GIVEN RECORDS:

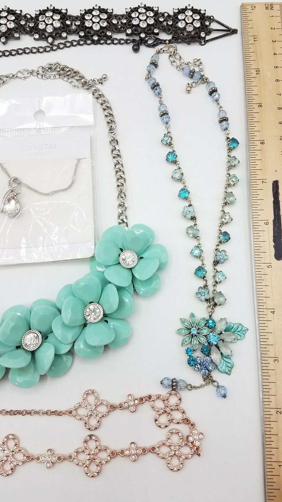 ESTATE LOT OF RHINESTONE NECKLACES GOLD/SILVERTONE
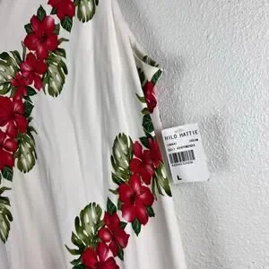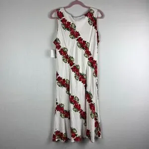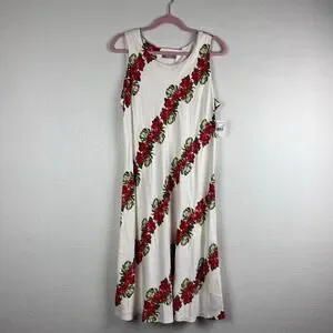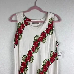 New with tags Hilo Hattie Hawaiian midi dress in a cream base with red hibiscus flowers and green tropical leaves. Sleeveless, flowy silhouette with a relaxed fit—perfect for summer, vacation, or resort wear.
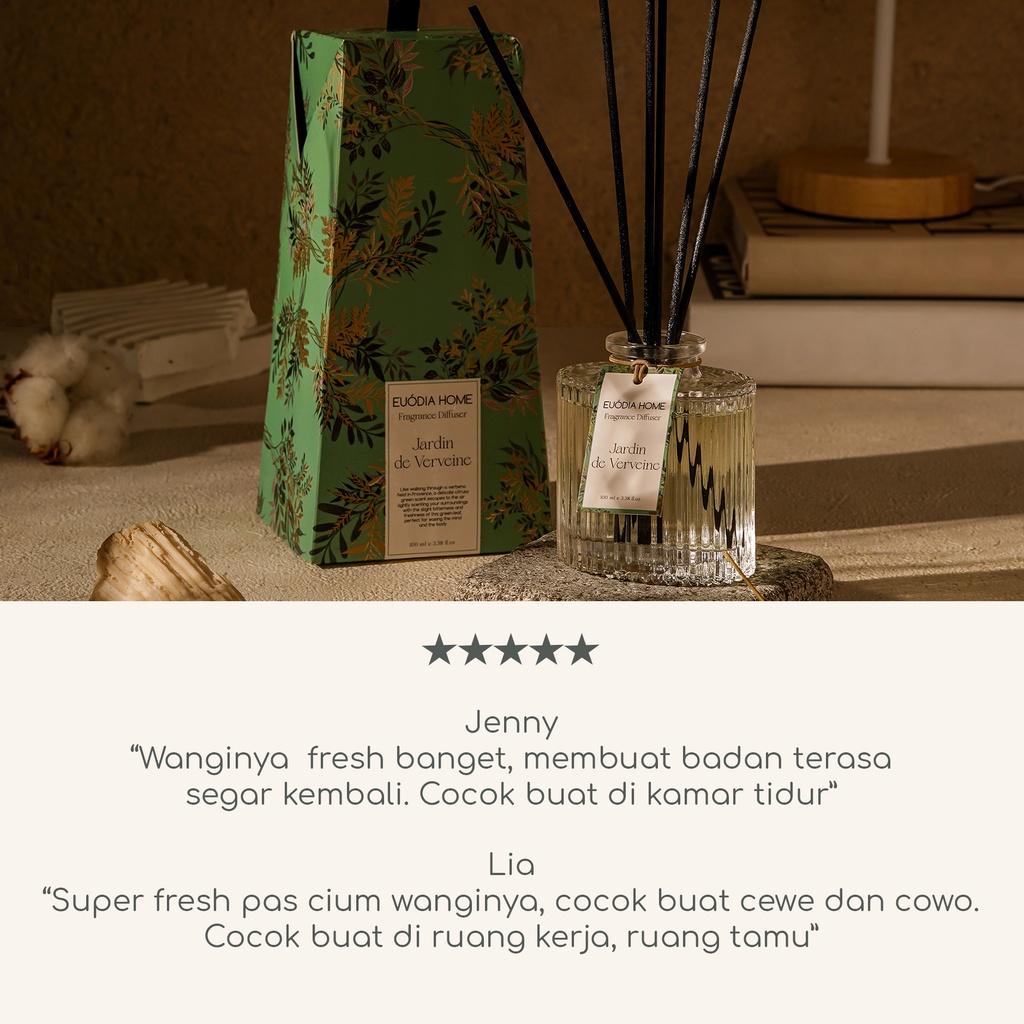 Euodia Home Jardin De Verveine Fragrance Diffuser 100 ml - Pengharum ruangan aromaterapi / reed diffuser / aromatherapy
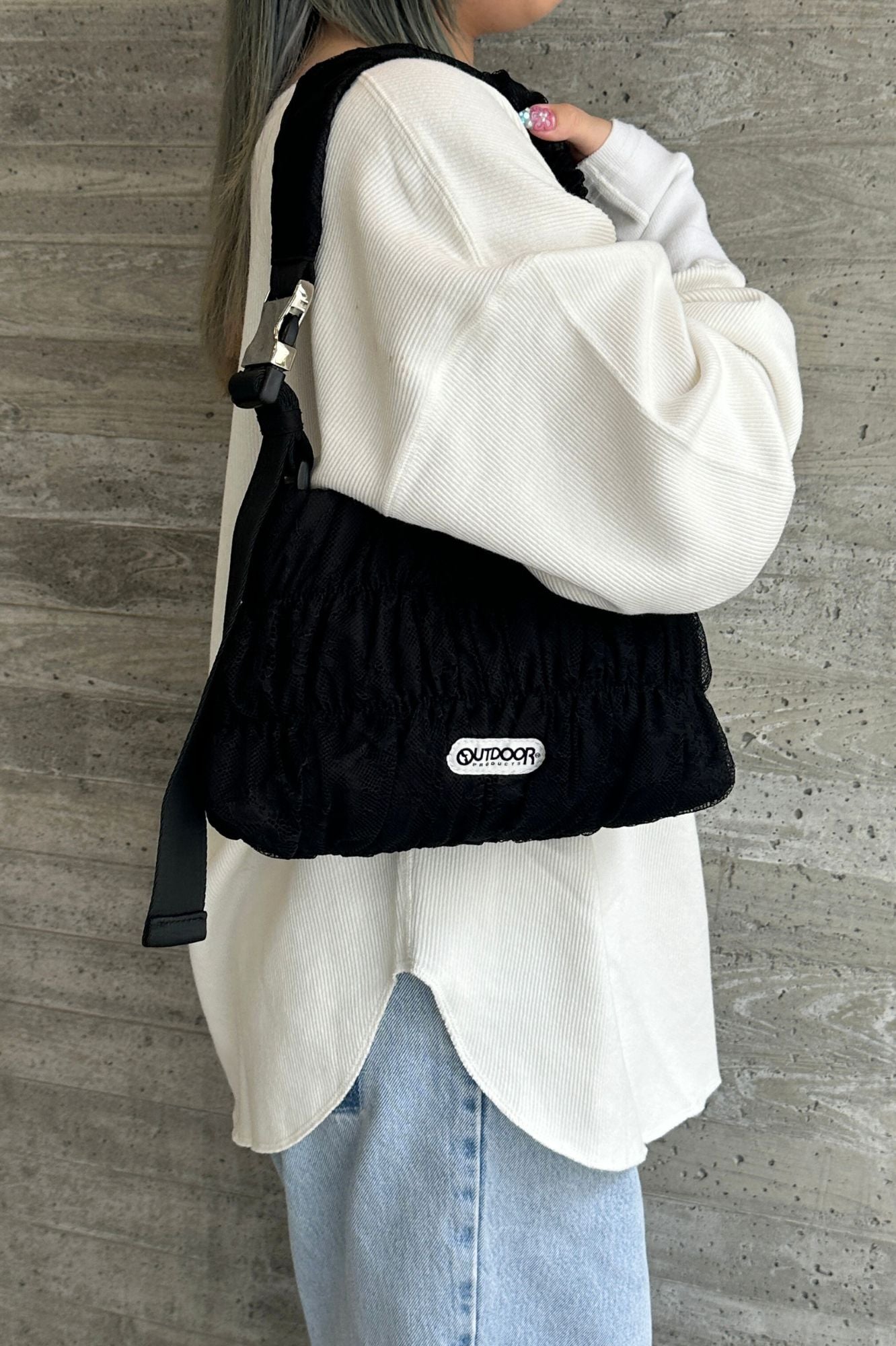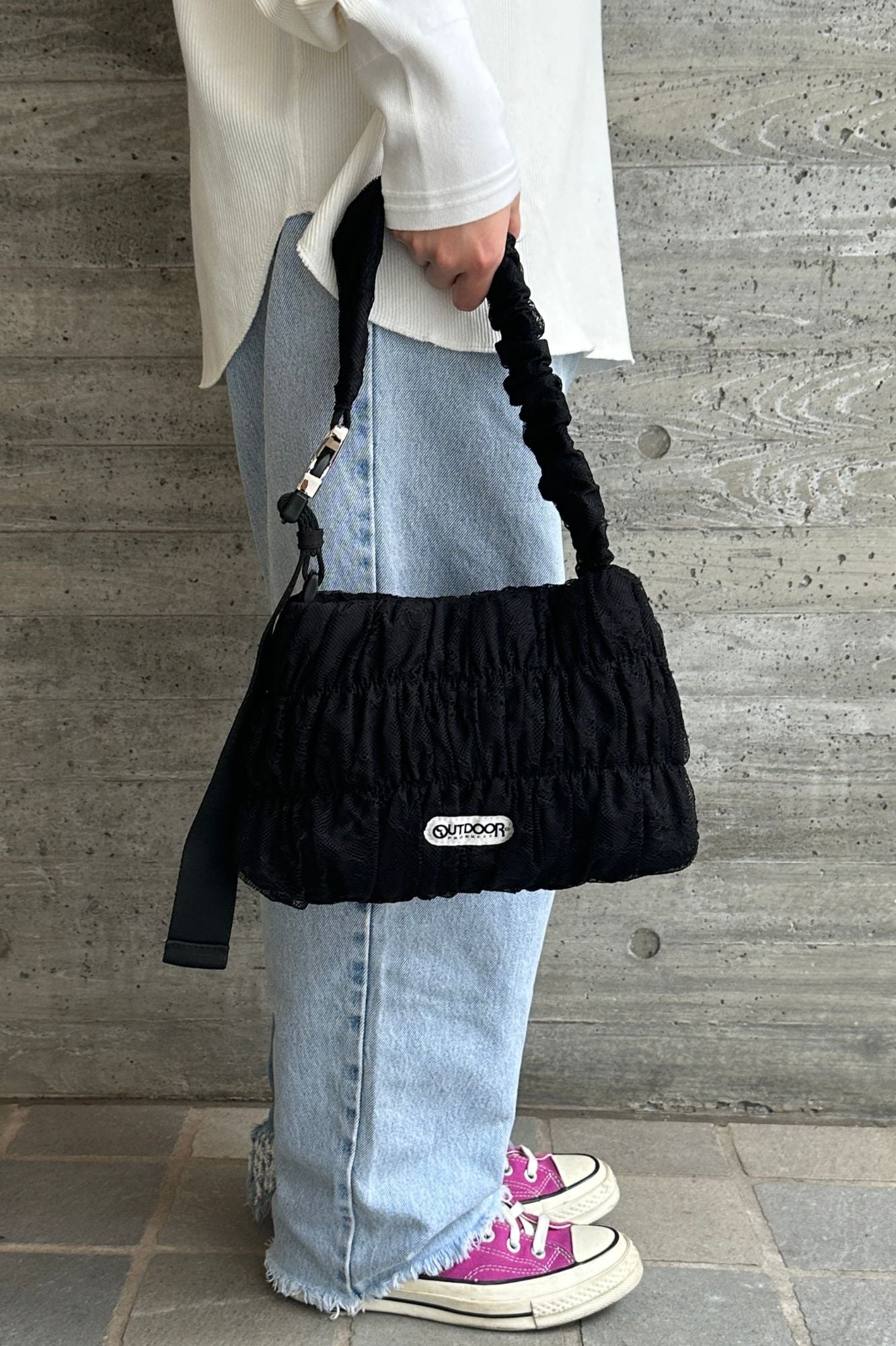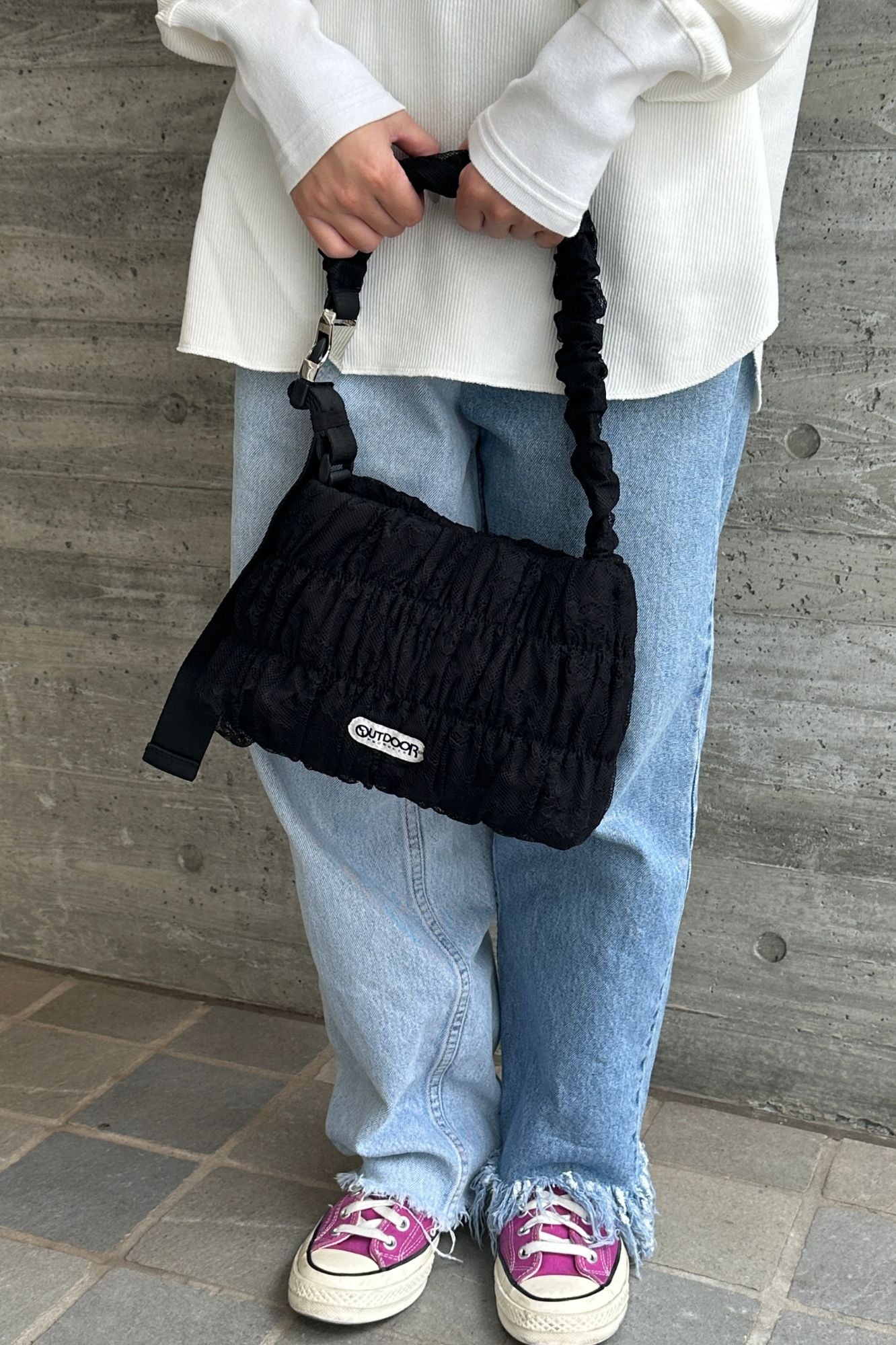 特徴 OUTDOORの定番ショルダーに、レースデザインを落とし込んだトレンドバッグ。
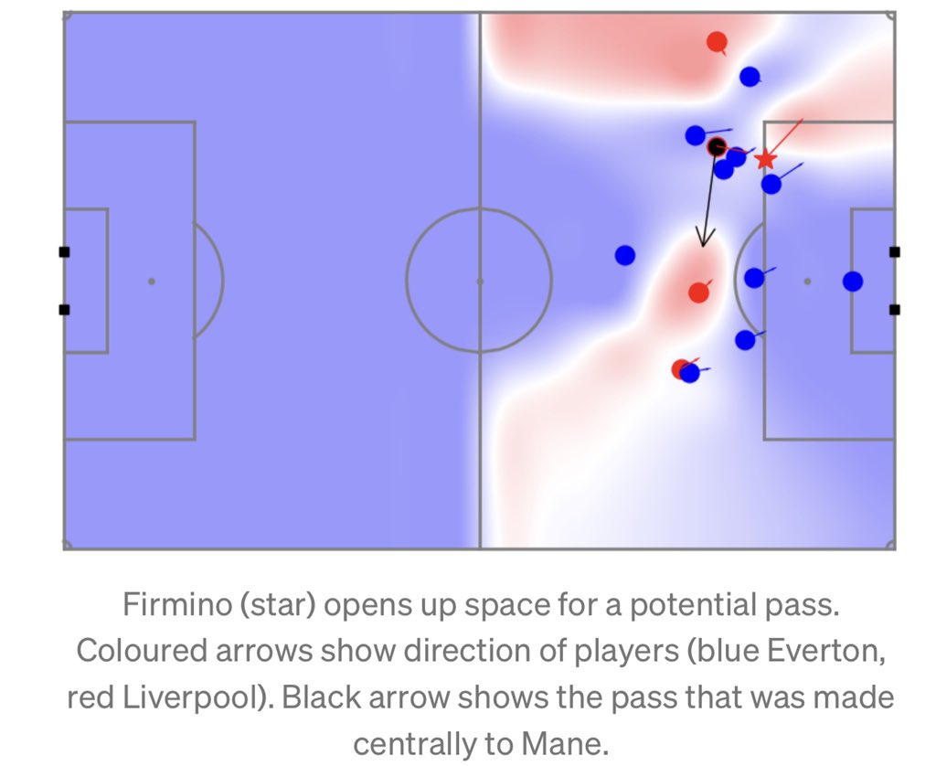 لا يوجد شيء استثنائي في هذا التحرك إنه مجرد مثال مباشر لشيء يفعله فيرمينو باستمرار يبحث دائمًا عن طرق لفتح مساحة داخل البوكس بتحركاته أحيانًا يحصل على الكرة ، وأحيانًا اكثر يسهل ايصال الكرة لزملاءه.. ولكن في كلتا الحالتين تكون الحركة مستمرة والدفاع مشتت

ABOUT THIS TASK:
Omitting all pictures, restate word for word the lines from the one containing "特徴 OUTDOORの定番シ" through the last line of the data.

ANSWER TO THIS PROBLEM:
 特徴 OUTDOORの定番ショルダーに、レースデザインを落とし込んだトレンドバッグ。
 لا يوجد شيء استثنائي في هذا التحرك إنه مجرد مثال مباشر لشيء يفعله فيرمينو باستمرار يبحث دائمًا عن طرق لفتح مساحة داخل البوكس بتحركاته أحيانًا يحصل على الكرة ، وأحيانًا اكثر يسهل ايصال الكرة لزملاءه.. ولكن في كلتا الحالتين تكون الحركة مستمرة والدفاع مشتت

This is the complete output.